What “green” hydrogen actually means
The term hydrogen covers very different realities. Most of the hydrogen used today in refineries and for fertilisers is made from natural gas, producing significant CO₂ emissions. That is often called “grey” hydrogen.
“Green” hydrogen, by contrast, uses renewable electricity and water, with almost no direct emissions. In between, some speak of “blue” hydrogen, derived from fossil fuels but combined with carbon capture and storage. These labels matter, because subsidies, regulations and corporate pledges typically apply only to the cleanest versions.
RFNBO certification in the EU adds yet another layer. To qualify, producers must prove that the electricity used is genuinely renewable and additional to what already exists on the grid, and that time and geographical matching rules are respected. For companies like Lhyfe, this creates extra complexity but also a clear advantage if they can comply at scale.
Risks, bottlenecks and what could go wrong
The momentum around Lhyfe and its peers does not mean success is guaranteed. Several risks stand out.
- Electricity price volatility: high wholesale prices can kill the business case overnight if long-term contracts are missing.
- Slow permitting: local opposition or administrative delays can stall new wind, solar and hydrogen facilities.
- Competition from cheap imports: hydrogen shipped from regions with intense sun or wind, and lower labour costs, might undercut European producers.
- Technology race: improvements in batteries, biofuels or nuclear-derived hydrogen could shift attention and funding.
Lhyfe’s decentralised model partly addresses these issues by reducing dependence on big grid connections and spreading risk across many sites. Still, each unit needs reliable customers, and the upfront investment remains heavy for a mid-sized player.
How this could affect everyday life
For most people, green hydrogen feels abstract. Yet if projects like those run by Lhyfe succeed, the effects will be visible in ordinary routines.
Regional buses could run on hydrogen produced a few kilometres away, cutting diesel fumes at school gates. Supermarket goods might arrive on lorries refuelled at motorway stations using wind power from the coast. Industrial zones could slash emissions without moving plants abroad, limiting the risk of job losses.

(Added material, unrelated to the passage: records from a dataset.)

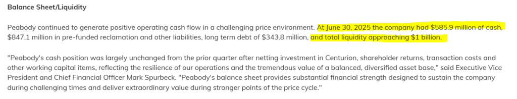 Rezultatele Q2 2025 au fost o surpriză plăcută într-o piață dificilă. Compania a raportat un EPS de 0,11 USD, depășind semnificativ estimările analiștilor care anticipau o pierdere. Veniturile de 297,5 milioane USD au depășit și ele ușor așteptările, deși ambele cifre sunt în scădere față de Q2 2024 din cauza prețurilor globale mai mici la cărbune.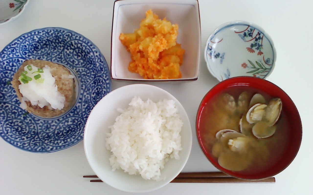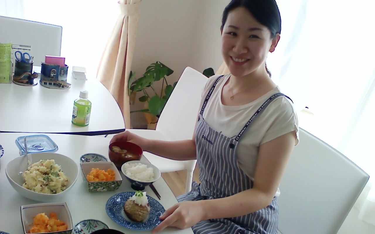 私は、恥ずかしながらお料理が苦手なので、それを克服する事が行くきっかけとなりました。昨日のメニューは『和風ハンバーグ』『ポテトサラダ』『あさりのお味噌汁』♪ご飯のとぎ方もおだしの取り方もすべて良いお勉強になり、なんと言っても美味しい!!ほんの少しの工夫で一味もふた味も変わるんですね!!久しぶりにエプロンなんてして新鮮でした(笑)。また、10月もお世話になろうと日を決めちゃいました♪では、写真を・・・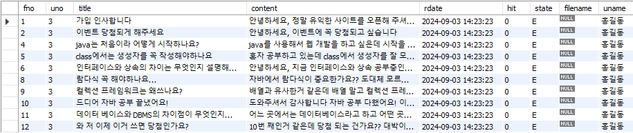 자유게시판 데이터를 조회. 이때 게시글을 작성한 작성자 이름도 함께 조회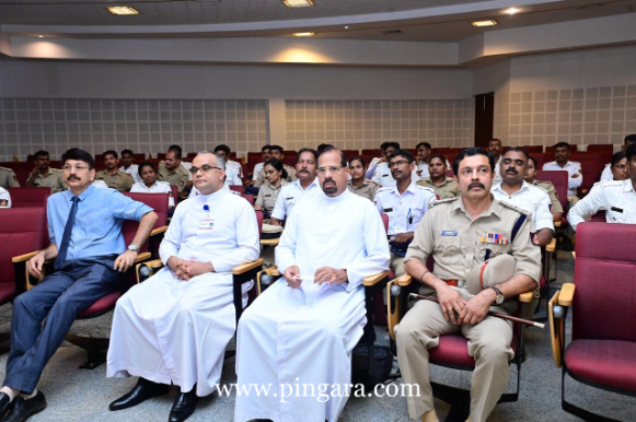 Rev. Fr Faustine, welcomed the Chief Guest of the day, K. Ravi Shankar (KSPS), DCP (Crime & Traffic), with a sapling. A care package kit containing Father Muller Homoeopathic Pharmaceutical Division products aimed at helping manage heat-related discomfort and body pain commonly experienced during long hours of duty, was handed over by the Director FMCI to the Chief Guest.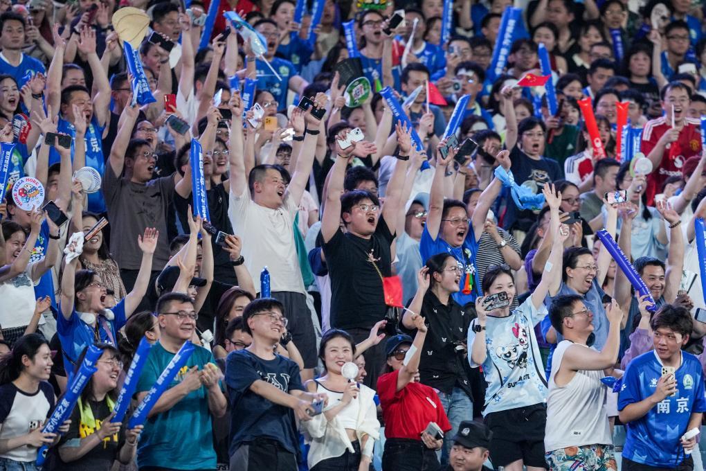 7月5日,球迷在南京奥体中心为球队加油。 新华社记者 李博 摄

Even small towns might host compact electrolysers linked to a handful of turbines or rooftops, providing fuel for bin lorries and local bus lines. In some regions, hydrogen from these units could feed nearby factories making glass, steel or chemicals, tying local employment directly to the energy transition.
For now, Lhyfe remains a relatively discreet name. If its bets on decentralised green hydrogen pay off, that anonymity may not last very long.